Continuing the discussion on very long distance Beaker mobility...
After the previous post "Iberians in Suprasl?", someone sent me this recent paper, "Paleoclimate and Cultural Genesis in Eastern Europe at the End of the 3rd Millennium B.C." 2018 by Roman Mimokhod.
The question is, if Beaker influences in the SW Baltic now have the option of transmission from actual immigrants rather than chain transmission through intermediary cultures, should we more carefully consider that other peripheries expressing Beaker characteristics may have also recieved direct immigration?
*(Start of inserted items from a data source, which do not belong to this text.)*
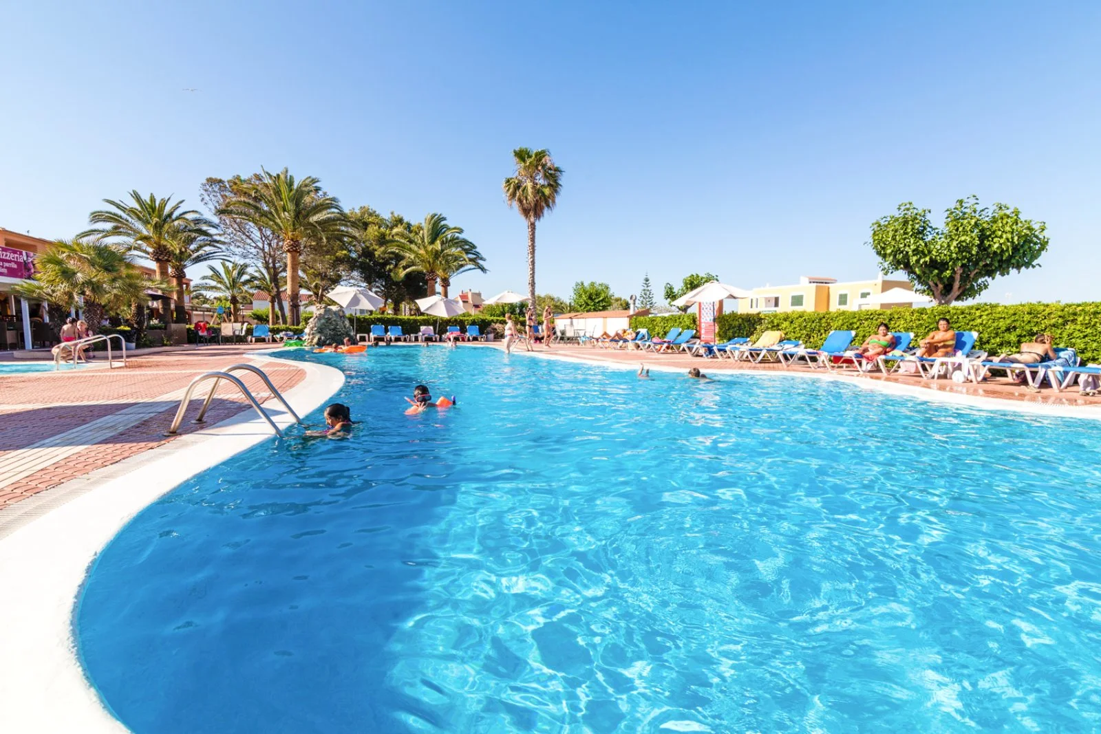 curati e funzionali, ben attrezzati e molto spaziosi, ideali anche per gruppi di amici che vogliono condividere la loro vacanza data la capacità dei quadrilocali di ospitare fino a 7 adulti! Ci troviamo a Cala Blanca, piccola e tranquilla località turistica nei pressi di Ciudadela, con alcuni bar, ristorantini e negozi situati proprio a pochi passi dalla struttura.
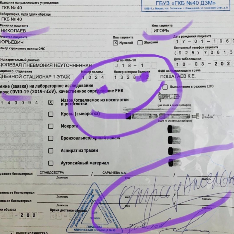 Игорь Николаев На прошлой неделе Лев Лещенко был госпитализирован в инфекционную больницу в подмосковной Коммунарке, у артиста диагностирован коронавирус. В той же клинике оказался и певец Игорь Николаев, который почувствовал недомогание несколько дней назад. Исполнитель находился в группе риска по заражению, ведь вместе со Львом Валерьяновичем посетил празднование дня рождения сестры Игоря Крутого. Результат теста Игоря Николаева С симптомами заболевания коронавирусной инфекцией певец был доставлен в клинику, в течение нескольких дней он находился на лечении, а сегодня получил результаты анализов на коронавирус. Они оказались отрицательными. Игорь решил показать фото заключения медиков в микроблоге. «Долгожданный результат: COVID-19 отрицательно! Я очень благодарен своим друзьям и коллегам за искреннее беспокойство и слова поддержки! Спасибо всем, кто верил в положительный исход и был тактичным и доброжелательным! Спасибо прекрасному коллективу Коммунарки за профессионализм, оптимизм и неравнодушие!Спасибо семье за любовь, веру и надежду на лучшее!» — написал артист в социальной сети.
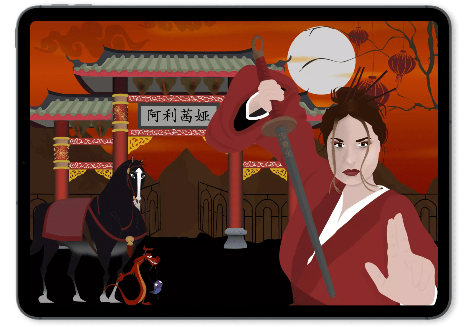 J'ai choisi l'univers de la geurrière Mulan pour ce projet. Ce choix Ce choix se justifie par mon admiration pour ce film et par ce que Mulan représente. Mulan, une femme parmi les hommes, qui se bat contre ses ennemis et la société tout en gardant ses valeurs et aspirations.
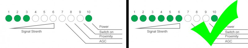 10dB’den fazla azaltması gerekiyorsa, kırmızı LED yanacaktır. Tekrarlayıcı düzgün çalışmaya devam eder. Sadece gelen sinyalin güçlü olduğuna ilişkin bir uyarıdır.
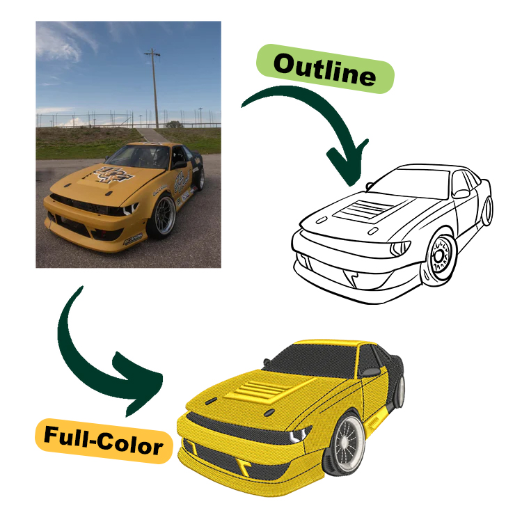 Our skilled artists transform your car's photo into a beautiful embroidery design.
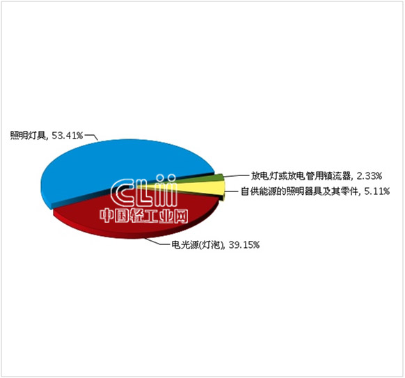 2013年1月~12月福建照明行业累计出口额子行业占比情况
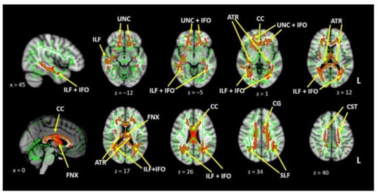 - Park, C.H.; Kim, S.H.; Jung, H.Y. Characteristics of the uncinate fasciculus and cingulum in patients with mild cognitive impairment: Diffusion tensor tractography study. Brain Sci. 2019, 9, 377. [Google Scholar] [CrossRef] [PubMed]
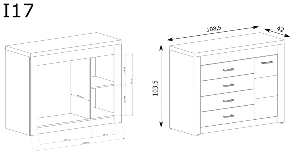 Duża, stabilna i wytrzymała komoda. Posiada cztery pojemne szuflady, w których można przechować wiele ubrań, dokumentów, akcesoriów. Po boku znajduje się szafka z półką w środku, która dzieli przestrzeń na pół, można przez to wykorzystać miejsce mebla w 100%. Komoda idealnie sprawdza się w sypialni, salonie, ale tak i w biurze i gabinecie. Mebel wpasuje się w wiele aranżacji, ale nawet sam wygląda dobrze i wpada w oko. Metalowe uchwyty podkreślają oryginalność mebla.
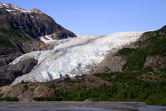 在开始艰苦的攀登之前我们先绕道去看看山脚下的Exit Glacier。顺着迤逦山路来到Glacier Viewpoint,翠绿的山谷中一条巨大的冰舌仿佛从天而降,象一道白色的洪流从山顶奔涌而下。不同于以前所见的冰川四周都是冷峻荒芜的冰碛(Moraine),Exit Glacier两旁真可谓山色葱茏,满面苍翠,比别处更多了几分秀美。再往前就一直来到了冰川之缘(Glacier’s Edge),为安全起见路边有绳索拦挡,游客是无法与那万年坚冰亲密接触的。经历了昨日的冰川历险,如今即使没有绳子GuanGuan和我也不敢贸然上前了。近看冰川,那晶莹的冰块中透出的幽幽蓝光总是那般令人迷恋,那是一种经过万年的岁月沉积才能拥有的静谧。也许冰河运动夹带的砂砾会使它看上去有些污渍,但是这表面上的尘沙终归难掩那其中摄人的美艳。
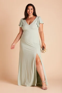 For the girl who loves a little ruffle, we present our Hannah Dress, with an empire waistline and romantic, ruffly sleeves. She features a plunging V front & back, a sexy slit, and a body-skimming silhouette that hugs in all the right places.
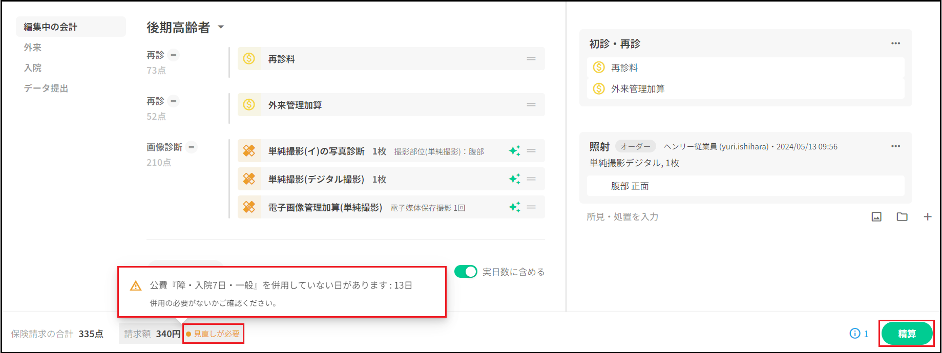 公費を使用の方で、外来の会計が上限額に満たない場合は保険単独での請求となります。 会計の組み合わせが国保+公費となっているので、手動で保険単独請求への変更が必要になります。 【例】後期高齢者+障・入院7日・一般の場合

To put another way, given that we have ample proof that Beakers travelled very long distances in a single lifetime (perhaps even within a few weeks), and given their lack of respect for any sort of boundary (geographic, tribal, climatic, linguistic, moral), and given their propensity to dot regions with outposts in the backyards of native cultures, is it not simpler to assume peripheries with Beaker influences had local Beaker settlers, or at least traders, prospectors, marriage partners?
How about the Middle Volga? How about early Abashevo?
This is not to suggest any part of the Abashevo Complex should have any significant Beaker ancestry. If it did, it would surely be a fraction. Rather, the point here is identifying those attributes that remind us of the Beaker Culture and trying to understand how these elements surfaced in such a far away place.
Beaker settlements in the Ukraine/Southern Russia should not seem too absurd; as I have suggested before, their migration does not appear to have been a mindless process, like a liquid spreading equally in the absence of resistance, seeping into every crevice along the way. Their earliest presence in any area appears to target raw materials or favorable positions.
There is no doubt that migrations from Central Europe laid the foundational layers for the rise of Abashevo. Did cultural Beakers migrate?
ПАЛЕОКЛИМАТ И КУЛЬТУРОГЕНЕЗ В ВОСТОЧНОЙ ЕВРОПЕ В КОНЦЕ III тыс. до н.э. DOI: 10.7868/S0869606318020046
Р. А. Мимоход, 2018
РОССИЙСКАЯ АРХЕОЛОГИЯ, 2018, No 2, с. 3348
Translated..
At the end of the 3rd millennium, a block of post-catacomb cultural formations was formed in Eastern Europe on the genetic basis of catacomb cultures. It consists of the Babino cultural circle and the Lola cultural circle. The first of them was formed due to the migration impulse from Central Europe and the Carpathian-Danube region, the emergence of the second was stimulated by the migration of pastoralists of the North-Eastern Caucasus to the Ciscaucasian steppe. In turn, the movement of population groups from Europe led to the emergence of a bright, distinctive Middle Volgian Abashev culture of a Central European appearance. Large-scale migrations in Eastern Europe XXIII / XXII centuries. BC. coincided with the peak of aridization in the Old World. These two phenomena are in a causal relationship.